▶ ABOUT THIS TASK
Restate the listing below word for word, omitting any images.

▶ RAW DATA
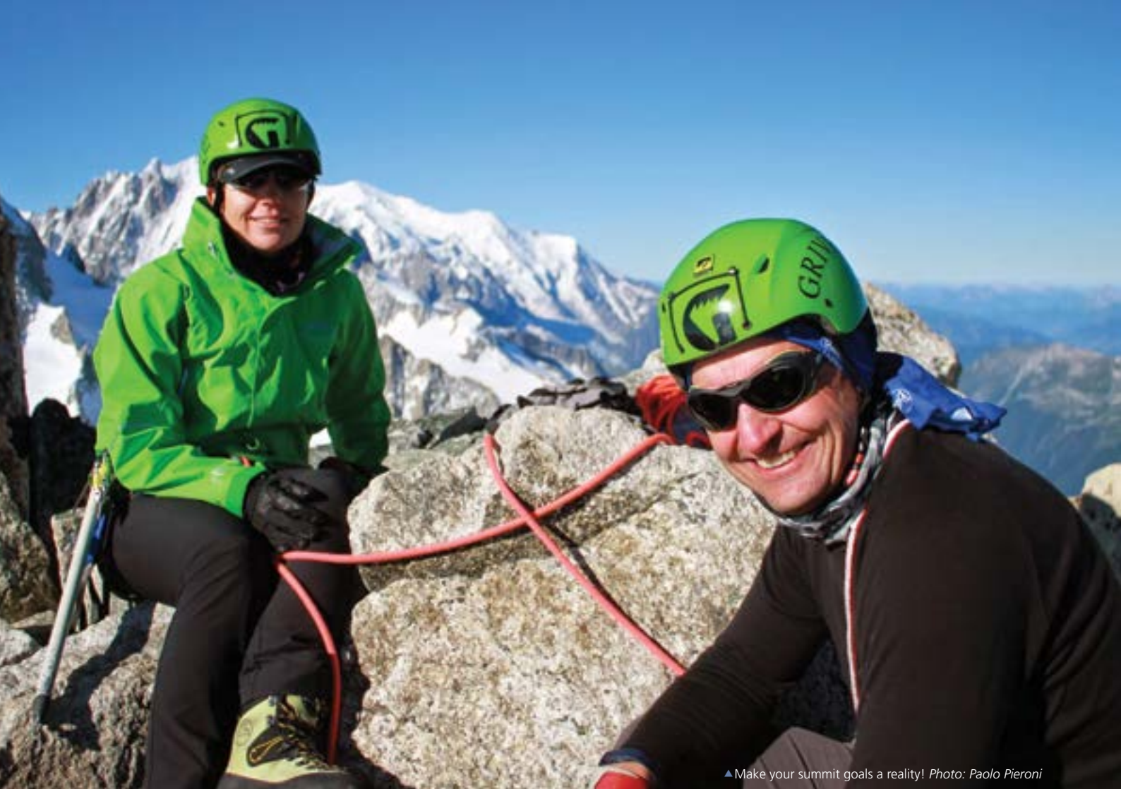
▲ Make your summit goals a reality!

We recommend you take out trip cancellation insurance via your travel agent if you wish to be covered against cancellation due to medical or personal reasons.
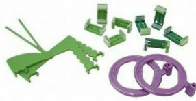
Uni-Verse-All Positioning Kit
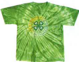
Tie Dye shirt (adult sizes only)

▶ TASK SOLUTION
▲ Make your summit goals a reality!

We recommend you take out trip cancellation insurance via your travel agent if you wish to be covered against cancellation due to medical or personal reasons.
Uni-Verse-All Positioning Kit
Tie Dye shirt (adult sizes only)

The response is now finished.